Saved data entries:
★ ★ ★ ★ ★

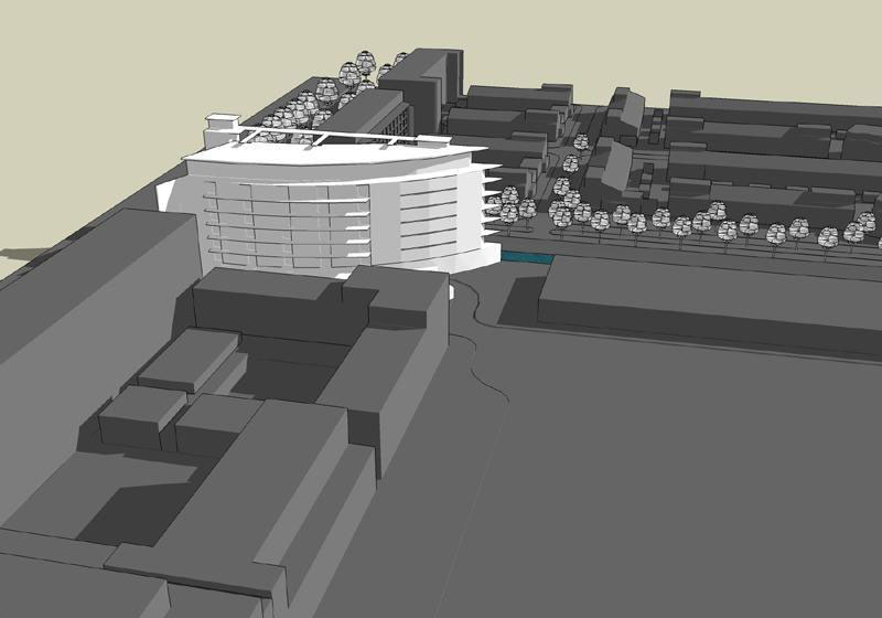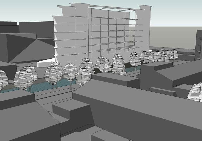 Het clustergebouw huisvest naast een nieuw stadskantoor ook een medisch centrum en een activiteitencentrum voor verstandelijk gehandicapten. In het stedebouwkundig plan formeren de nieuwe gevel van het clustergebouw, de bestaande gevel van het sportcentrum en een dun te ontwikkelen woongebouw op kolommen een nieuw laaggelegen stadsplein dat in zuidelijke richting overgaat in een bestaand stadspark. Het stadsplein ligt ca. 5 meter lager als de Bijlmerdreef die op niveau door dit deel van de Bijlmer loopt. Een brede trap langs het clustergebouw verbindt het niveau van de Bijlmerdreef met het nieuwe stadsplein.
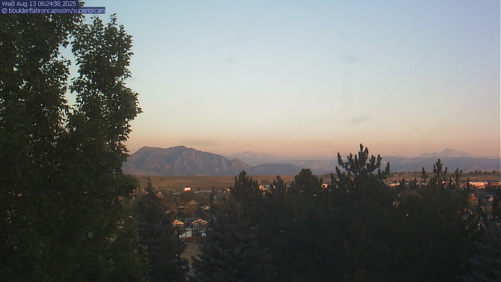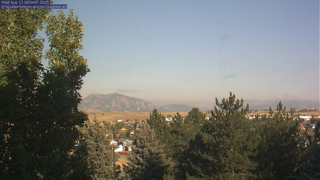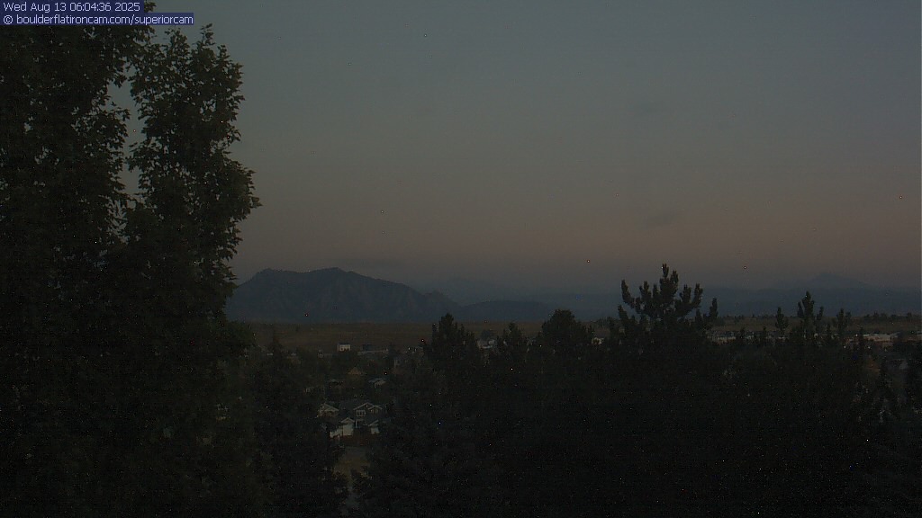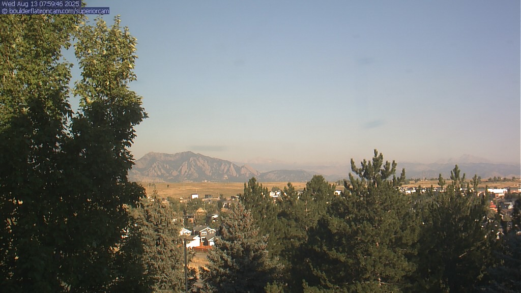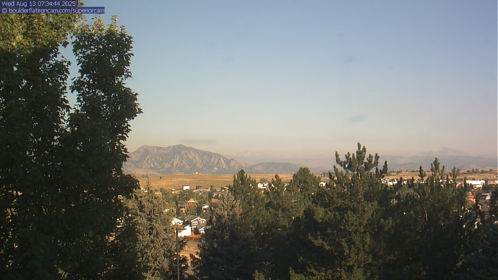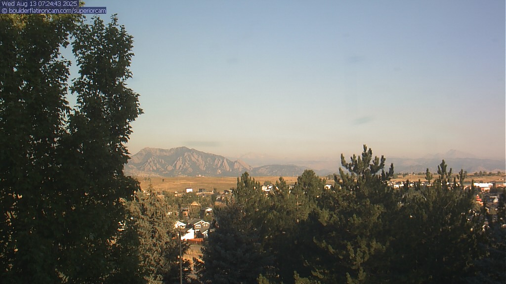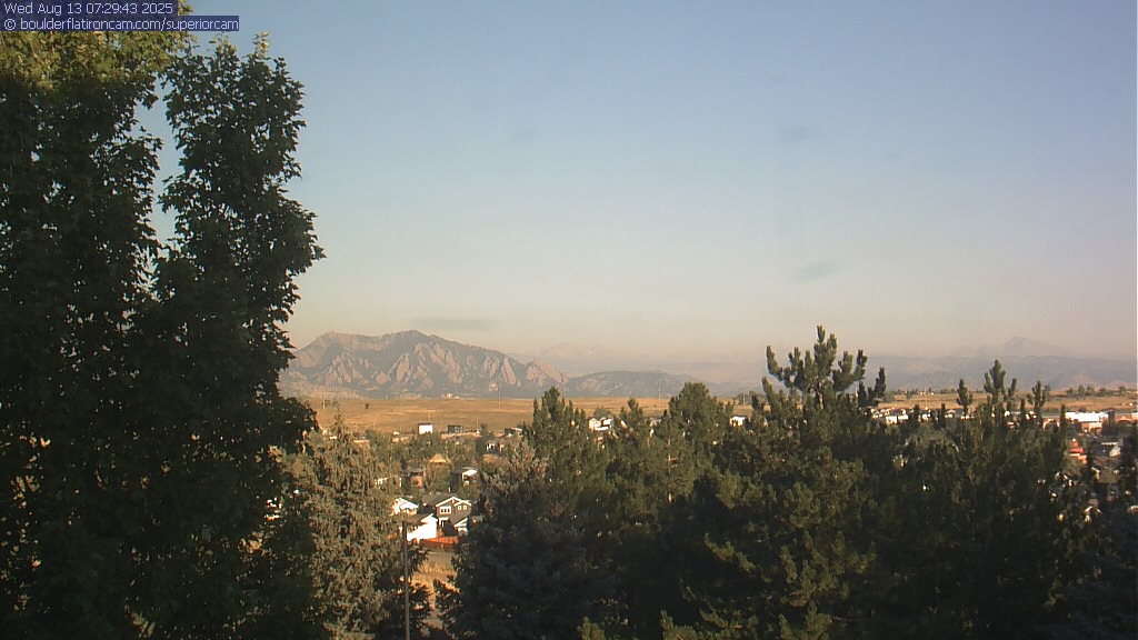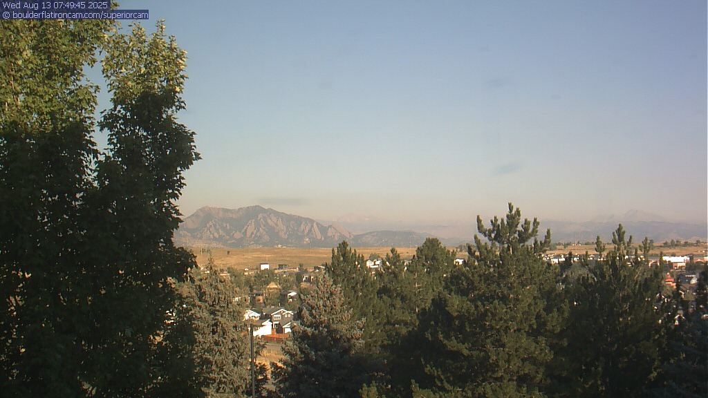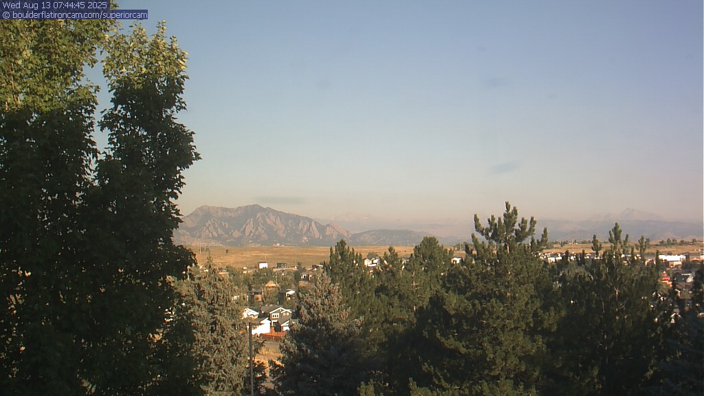 The Superior cam has a great view to the northwest over Boulder, the Flatirons, Indian Peaks and Long’s Peak.   The Coal Creek trail is visible in the foreground with old town Superior.  Thanks to Aweida Venture Partners management for the great view.
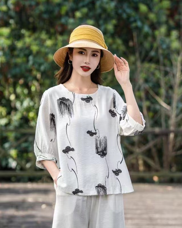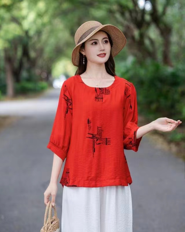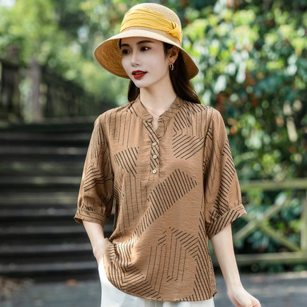 复古民族风棉麻短袖衬衫夏装五分袖格子T恤文艺休闲百搭套头上衣
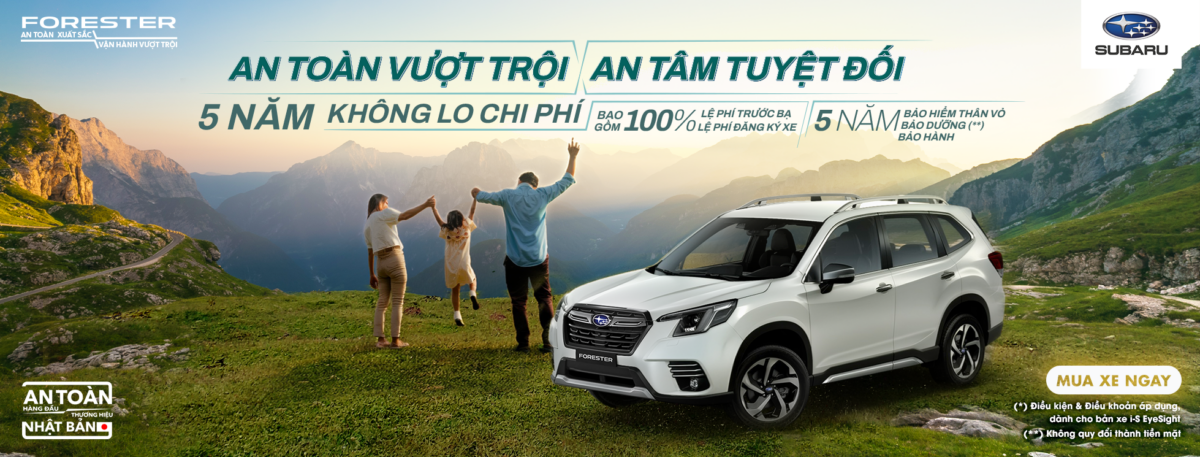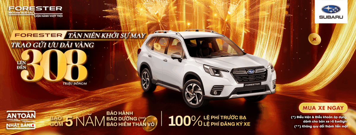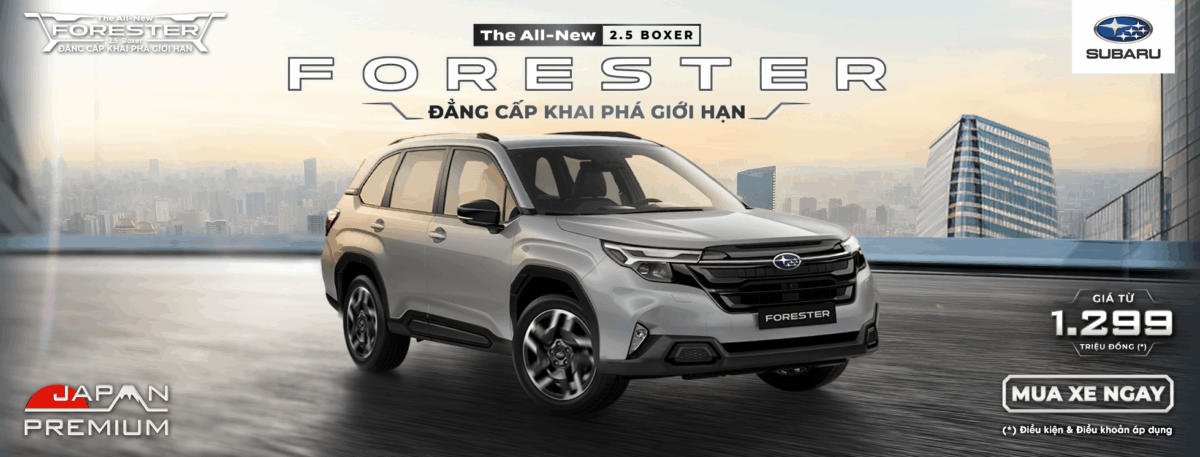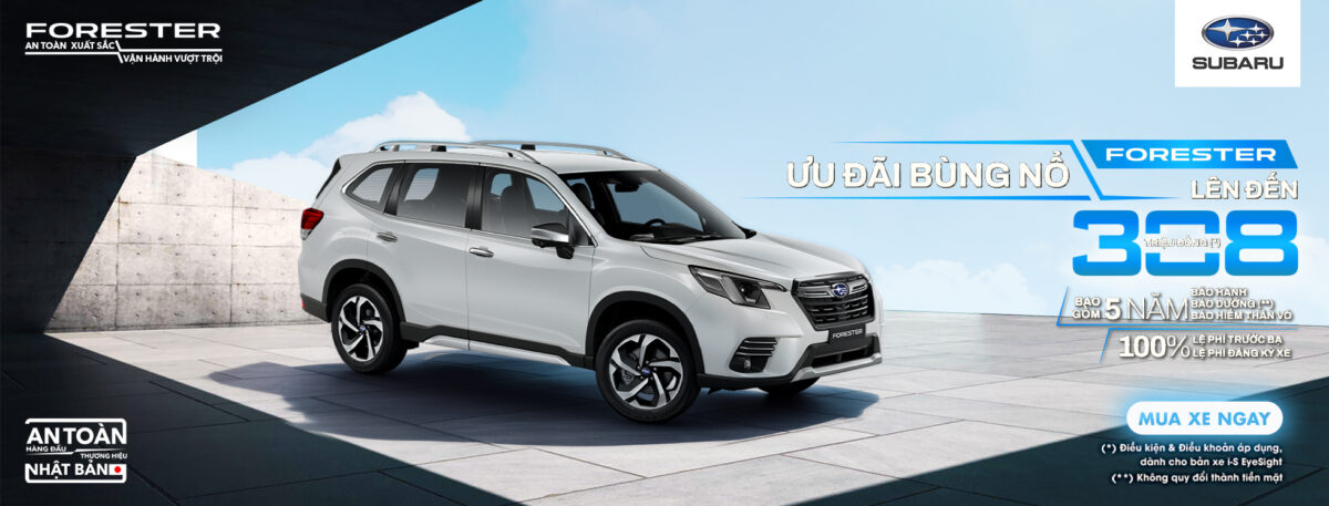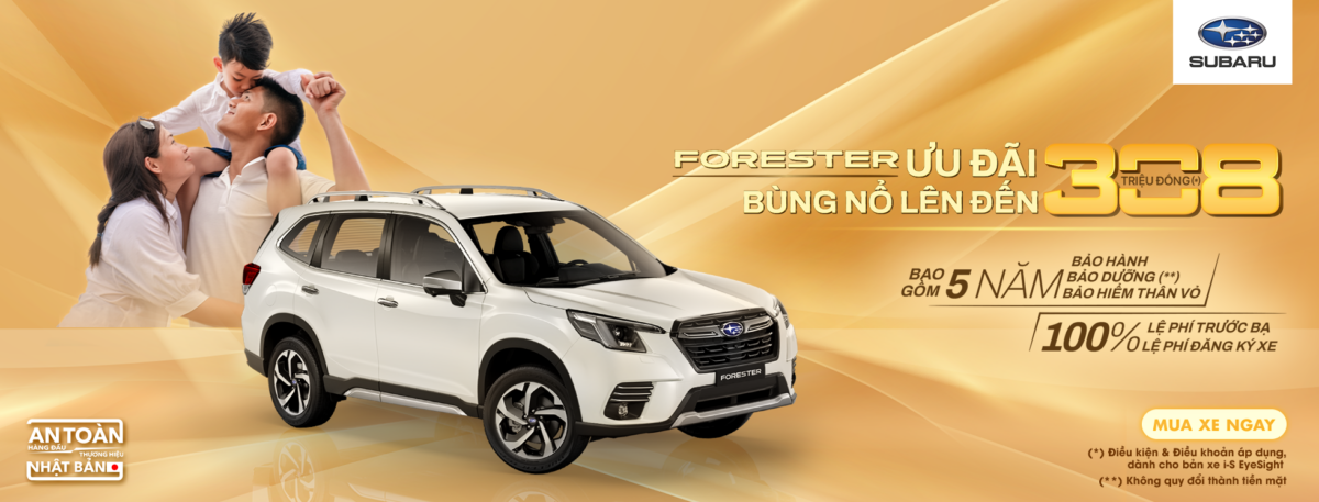 - Forester 2.0 i-S EyeSight: Giảm cực mạnh lên đến 280 triệu – phiên bản cao cấp nhất, Bảo hành 5 năm không giới hạn Km và 3 năm bảo dưỡng miễn phí. Tặng full phụ kiện Subaru, hỗ trợ tài chính linh hoạt. Số lượng giới hạn – đặt xe sớm.
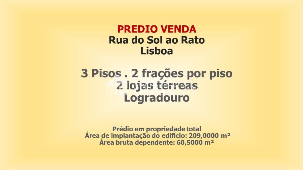Prédio para reabilitação, com 3 pisos e 2 fracções por piso. 2 Lojas no r/c com entrada independente. Logradouro nas traseiras do prédio que poderá ser afecto às fracções.

★ ★ ★ ★ ★

Work order:
Restate the records above word for word, without the pictures.

Completed task:
 Het clustergebouw huisvest naast een nieuw stadskantoor ook een medisch centrum en een activiteitencentrum voor verstandelijk gehandicapten. In het stedebouwkundig plan formeren de nieuwe gevel van het clustergebouw, de bestaande gevel van het sportcentrum en een dun te ontwikkelen woongebouw op kolommen een nieuw laaggelegen stadsplein dat in zuidelijke richting overgaat in een bestaand stadspark. Het stadsplein ligt ca. 5 meter lager als de Bijlmerdreef die op niveau door dit deel van de Bijlmer loopt. Een brede trap langs het clustergebouw verbindt het niveau van de Bijlmerdreef met het nieuwe stadsplein.
 The Superior cam has a great view to the northwest over Boulder, the Flatirons, Indian Peaks and Long’s Peak.   The Coal Creek trail is visible in the foreground with old town Superior.  Thanks to Aweida Venture Partners management for the great view.
 复古民族风棉麻短袖衬衫夏装五分袖格子T恤文艺休闲百搭套头上衣
 - Forester 2.0 i-S EyeSight: Giảm cực mạnh lên đến 280 triệu – phiên bản cao cấp nhất, Bảo hành 5 năm không giới hạn Km và 3 năm bảo dưỡng miễn phí. Tặng full phụ kiện Subaru, hỗ trợ tài chính linh hoạt. Số lượng giới hạn – đặt xe sớm.
Prédio para reabilitação, com 3 pisos e 2 fracções por piso. 2 Lojas no r/c com entrada independente. Logradouro nas traseiras do prédio que poderá ser afecto às fracções.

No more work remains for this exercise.